En la ciudad buscan el sol y la animación frente a Botines, pero también hay otros espacios, como eran las tertulias en la sala de espera de la vieja estación, donde se hablaba y hacía punto. Otro refugio singular es el vestíbulo del Musac, cálido, luminoso, amplio y ameno. Todas las tardes ocupan los asientos, como estatuas vivientes de una instalación. Constituyen el mayor número de visitantes, pero jamás han puesto los pies en una sala de exposiciones.

Las estatuas propiamente dichas de la ciudad van a ser objeto del ayuntamiento, que se propone, visto el deterioro de la de Guzmán el Bueno, restaurar las otras diseminadas por la ciudad. Sin duda hay buenos artistas leoneses, con obras que han pasado a ser parte de la identidad leonesa: la de las manos, frente a la catedral o la negrilla –de Uriarte y Amancio, respectivamente–.

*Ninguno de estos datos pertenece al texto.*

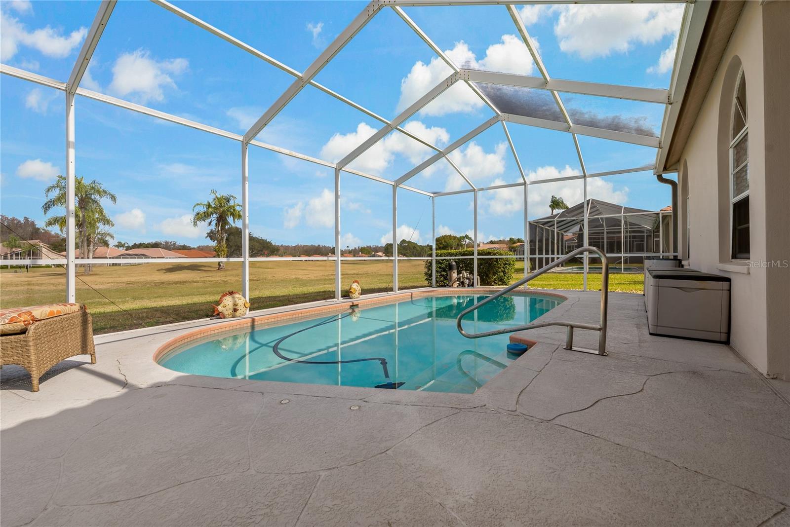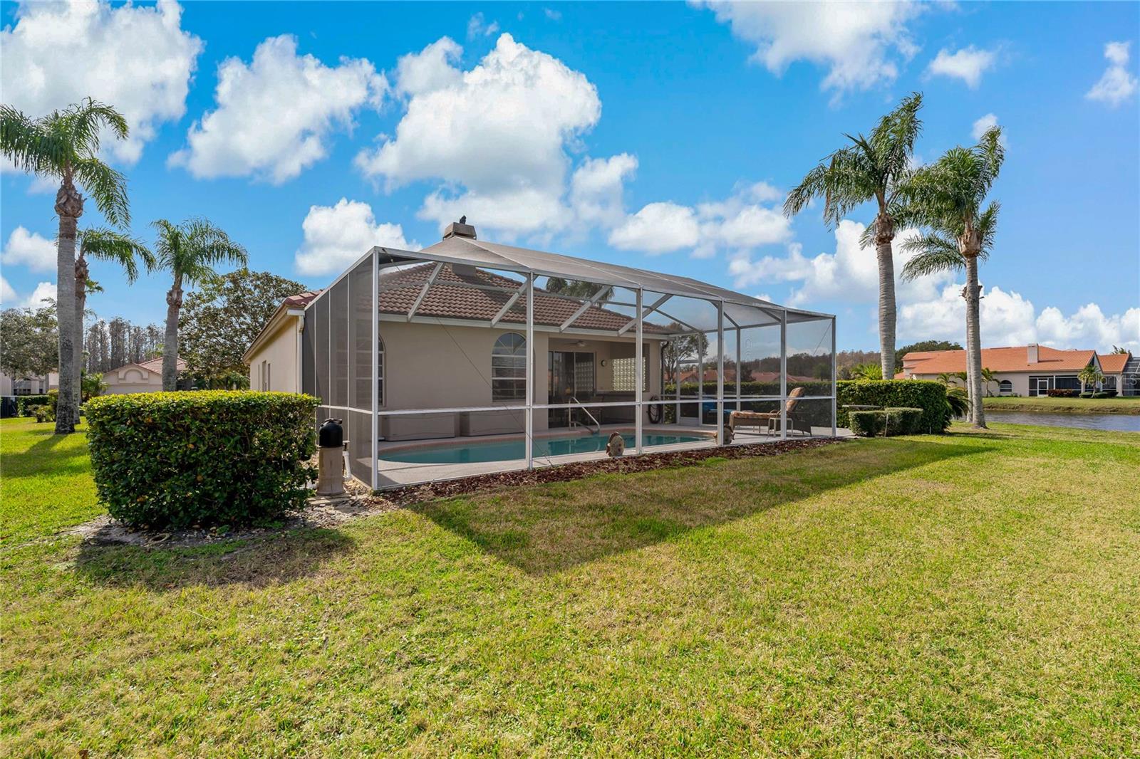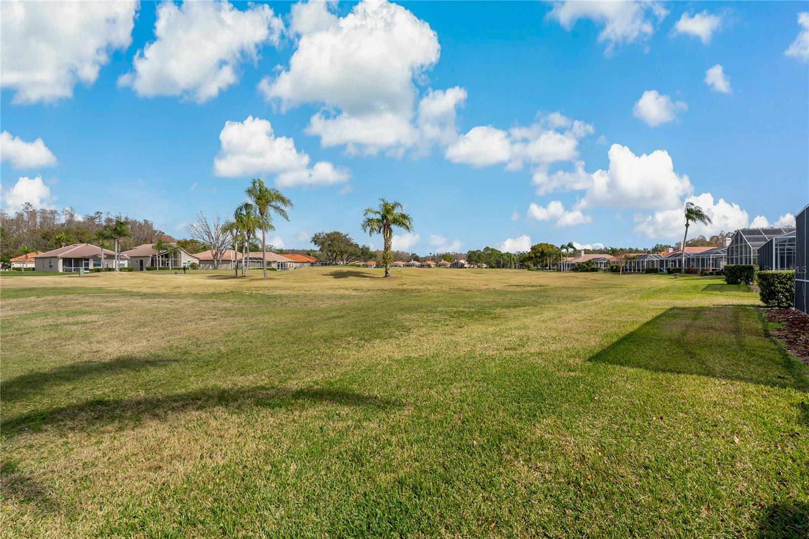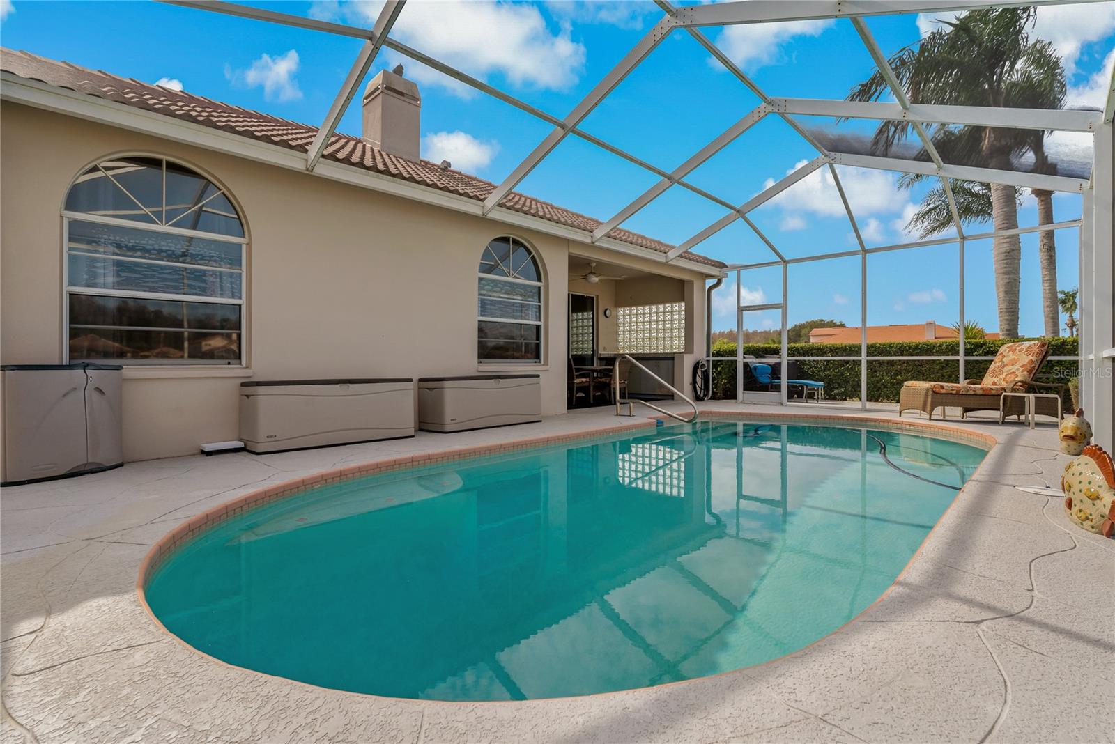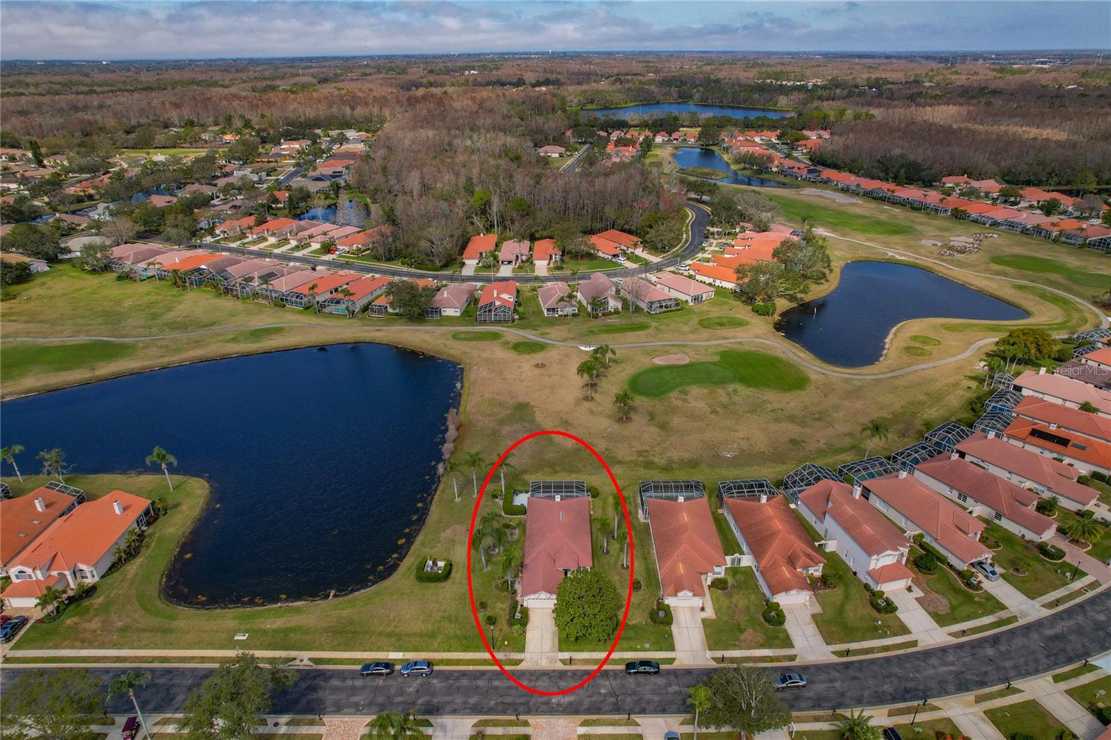 Exquisite Villa for Sale on Large Lot with Water Views on the 17th Hole of Crescent Oaks Golf Course Awaits You! This unique end lot, boasting vast amounts of land on each side, is a rare find within the community. This 1996 sf. home features an open floor plan that includes 2 bedrooms, 2 full baths, a den (can be converted into the 3rd Bedroom), and a private swimming pool. The large kitchen is outfitted with an abundance of cabinets and countertop space, plus a dinette area that overlooks the pond. Modern, large porcelain tiles provide easy maintenance throughout the entire flooring system. Step onto the lanai and bring the outdoors in with the pocketing sliding glass doors. The covered area is large enough to accommodate a patio table with chairs and includes a dry bar. The pool, surrounded by nature, complements a separate side pad that is perfect for additional seating and a BBQ area. Recent upgrades to the property include a hot water heater (2024), A/C (2022), tile roof (2009), and appliances (2018). Enjoy the benefits of low HOA fees and no CDD fees. Crescent Oaks is a 24/7 guard-gated golf community that not only offers a safe and fun place to live but also provides an array of amenities to enjoy year-round, including an 18-hole golf course, pickleball, tennis courts, a restaurant, a bar, and a banquet facility. Conveniently located close to several local beaches, eateries, shops, and attractions, and just a 30-minute drive from Tampa International Airport (TIA) and St. Pete-Clearwater International Airport (PIE). The property is also near Tarpon Springs' world-famous Sponge Docks. Don’t delay in scheduling a showing, as pool homes in this development tend to sell quickly!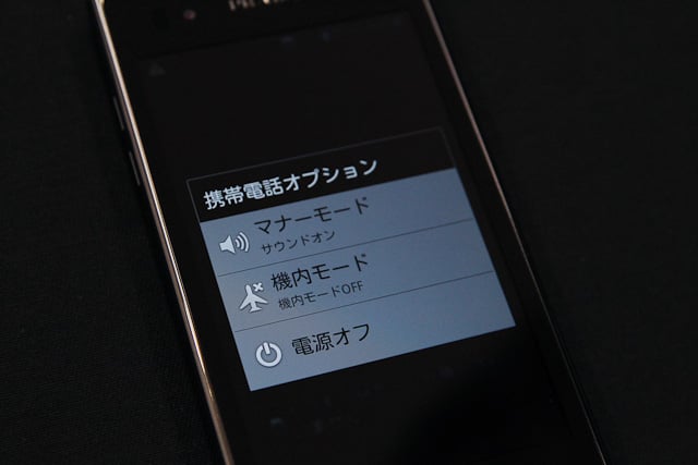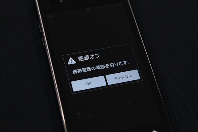 ということでそろそろ電源を切りましょう。電源キーを長押しすると出てくるのは、「携帯電話オプション」。一番下の「電源オフ」をタッチすると、「電源オフ」画面に。「OK」を押すと、終了時にアニメーションが流れ「PRADA」ロゴが離れて行きます。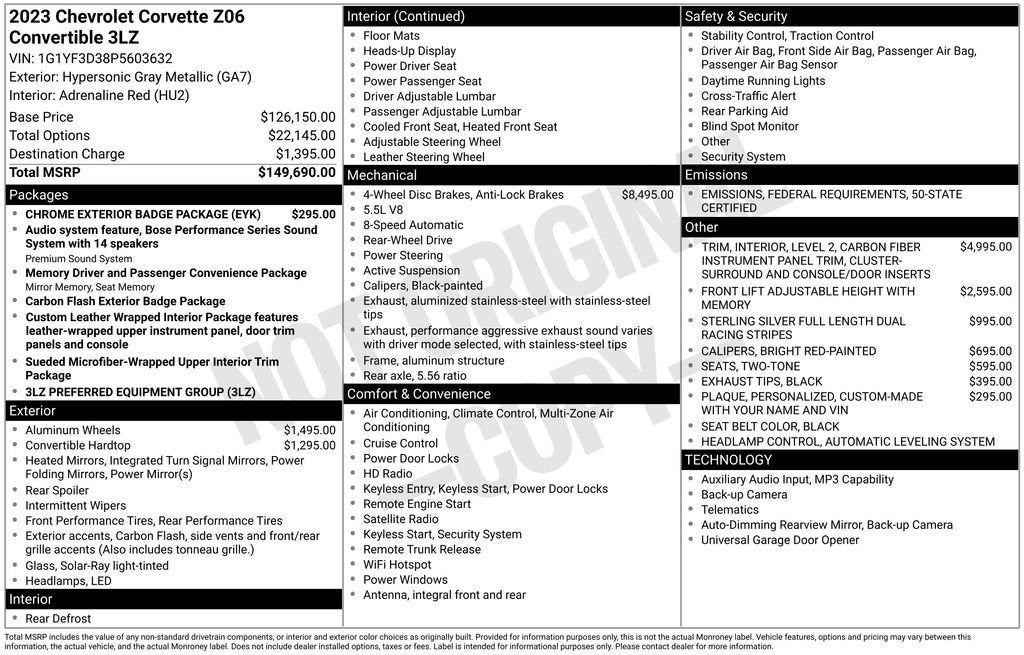 - Features a factory-installed interior plaque that includes your name, the Vehicle Identification Number (VIN) and the Corvette crossed flags logo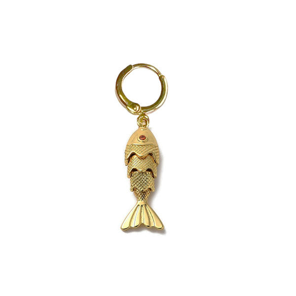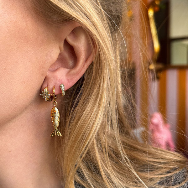 Deze gouden bewegende vis mag niet ontbreken in jouw earparty. Een ideale oorbel als je meerdere gaatjes hebt. Mix en match met onze ruime collectie oorbellen.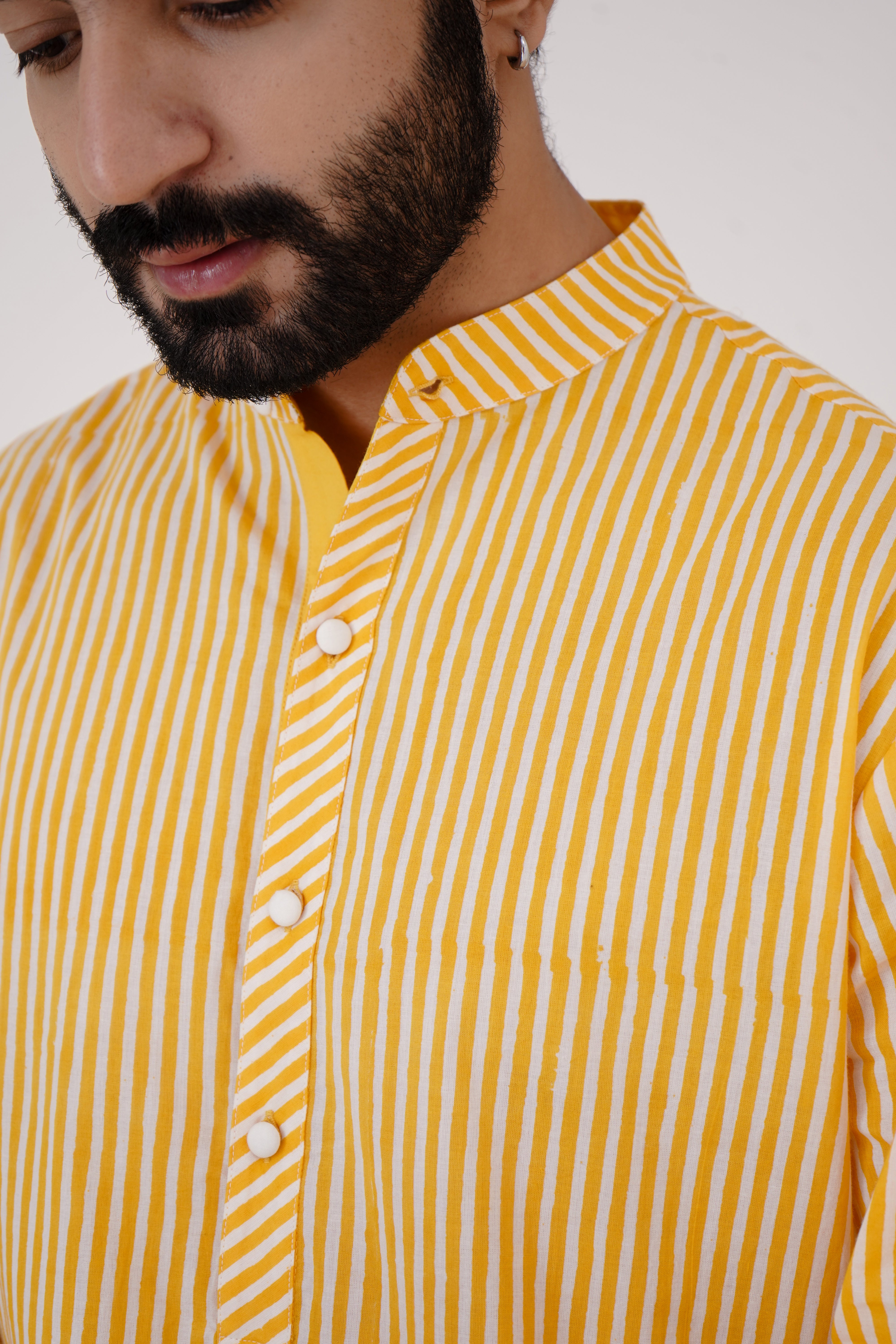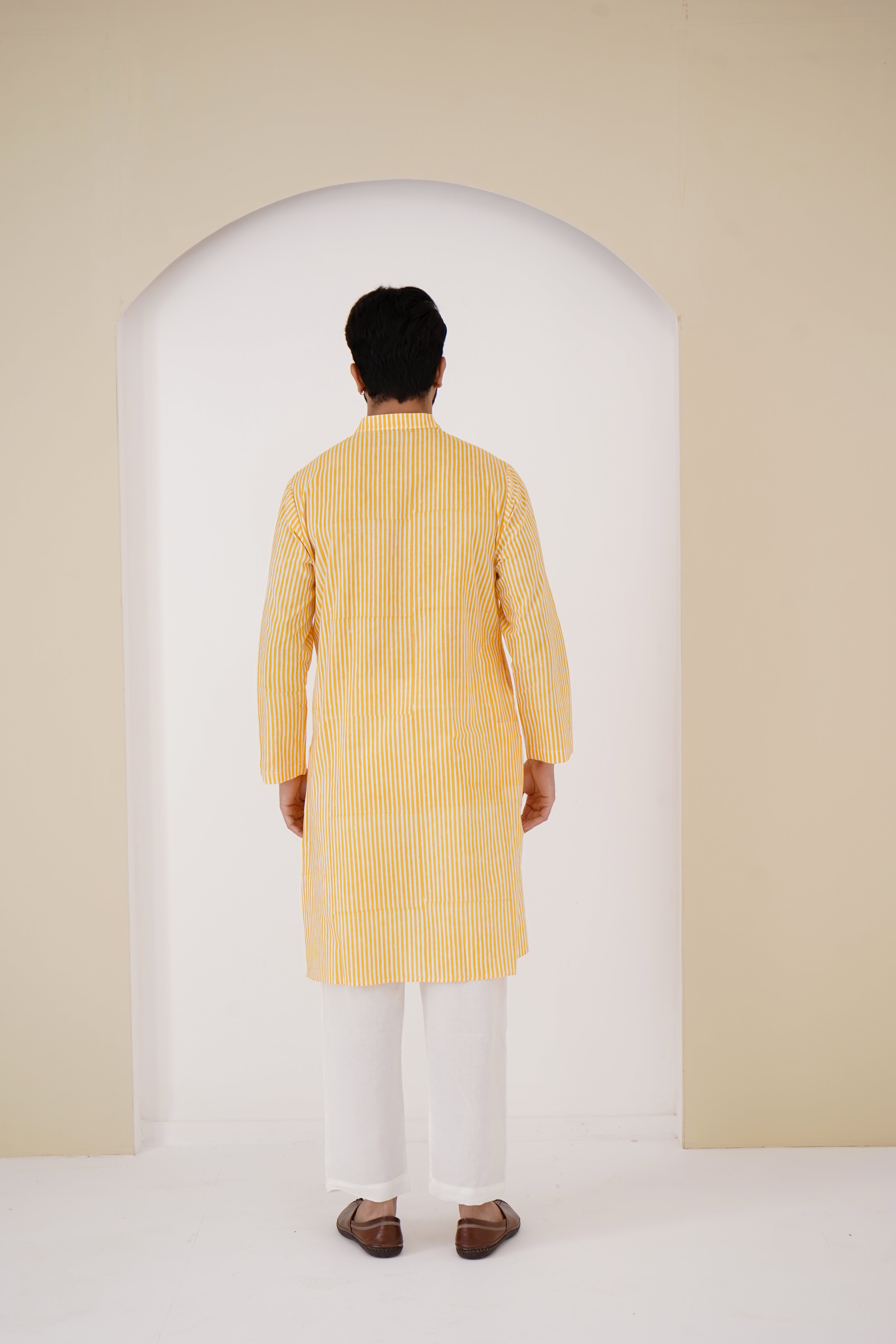 -Men's kurta in Hand Block Printed Stripe Cotton fabric with full length sleeves.
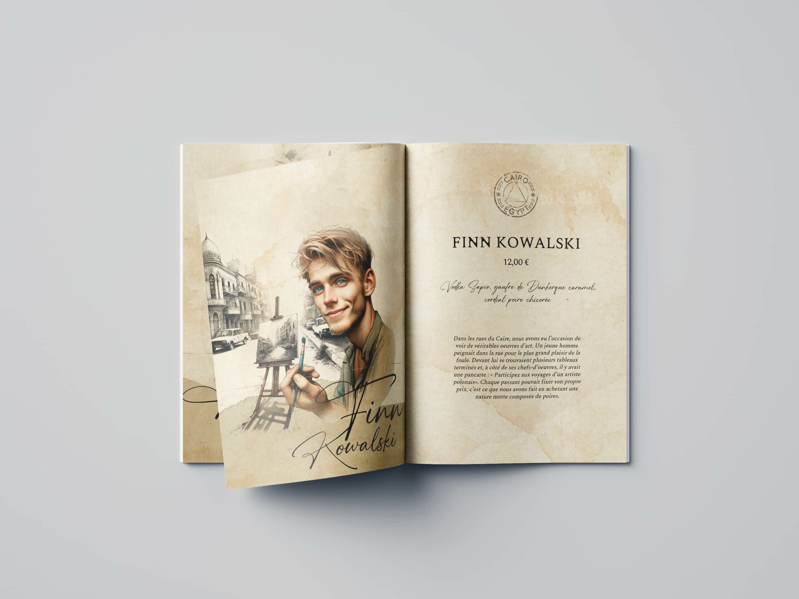 J’ai imaginé un logo en forme de globe stylisé, traversé de courbes topographiques. Ce motif organique — décliné sur l’ensemble des supports — symbolise les reliefs du monde, les cultures mêlées et les itinéraires culinaires qui s’entrelacent dans chaque plat.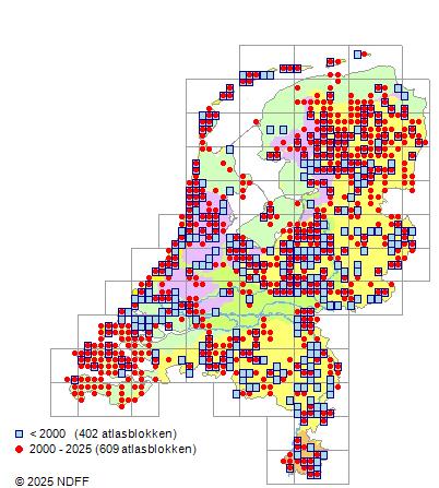 Het aantal atlasblokken (5x5 km) waarin de soort is gemeld binnen een periode van vijf jaar (vanaf 1980) of twintig jaar. Niet gecorrigeerd voor waarnemersinspanning en het aantal doorgegeven waarnemingen kan sterk variëren per periode, dus een trend in verspreiding kan hier niet direct uit worden afgelezen. Het opgegeven jaartal is het eerste jaar van de periode. Bron: gevalideerde waarnemingen uit de NDFF.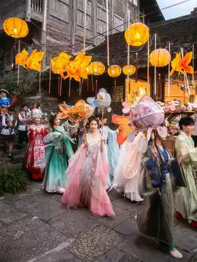 ✅ Street Parade: An immersive procession recreating traditional market culture, with Nuo gods leading the way. A parade of Lusheng players, Miao maidens, and more winds through the mountain streets, joined by the village's "Intangible Heritage Ambassadors" guiding visitor participation.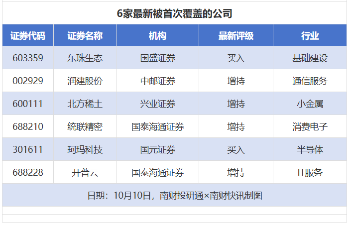 首次覆盖方面,10月10日券商共给出了6次首次覆盖,其中东珠生态获得国盛证券给予“买入”评级,润建股份获得中邮证券给予“增持”评级,北方稀土获得兴业证券给予“增持”评级,统联精密获得国泰海通证券给予“增持”评级,珂玛科技获得国元证券给予“买入”评级。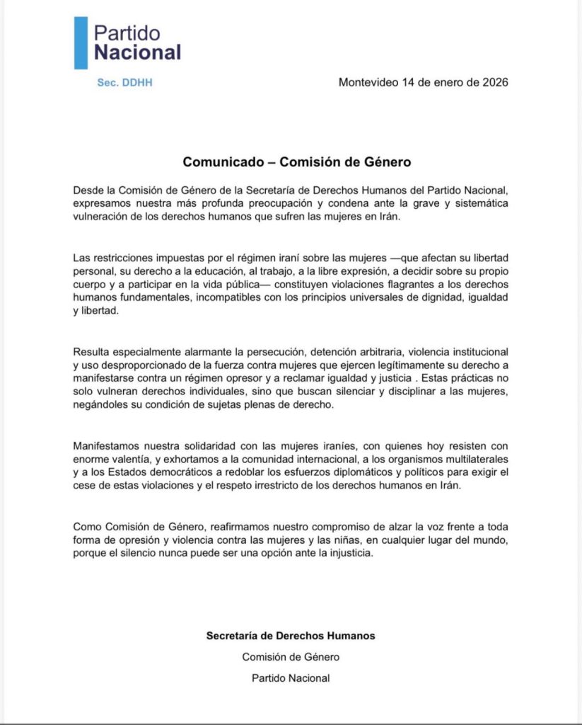 El comunicado del Partido Nacional expresa solidaridad con las mujeres iraníes y exhorta a la comunidad internacional, a los organismos multilaterales y a los Estados democráticos a redoblar esfuerzos diplomáticos y políticos para exigir el cese de las violaciones a los derechos humanos en ese país.

Pero hay otras que por mérito propio, deberían ser llevadas a la chatarra de la Viuda de Benito o a la fundición de Nava por su mediocridad. La primera, el maniquí de Trapote, en la plaza de Regla. Otra, las perneras de Torres de Omaña que una joven belga de paso nos coló. Cobró, desapareció y, luego, supimos que era un plagio descarado.

Más ofensiva, el grupo –familia leonesa, glups– asentado en Burgo Nuevo, de Royán, y otras del mismo autor. Mas la peor, sin duda, es la de Diego Segura, dedicada a Durruti, en el jardín de Santa Ana; una infamia al anarquista que es lo más parecido a un urinario de diseño.

Dos piedras enfrentadas, con unas concavidades chapadas en latón, donde los viejos, y no tanto, acuden cuando aprieta la vejiga y, entre dos peñas feroces, sueltan aguas menores. Tal como está el patio no es cosa de pagar un café por imperativo de la próstata.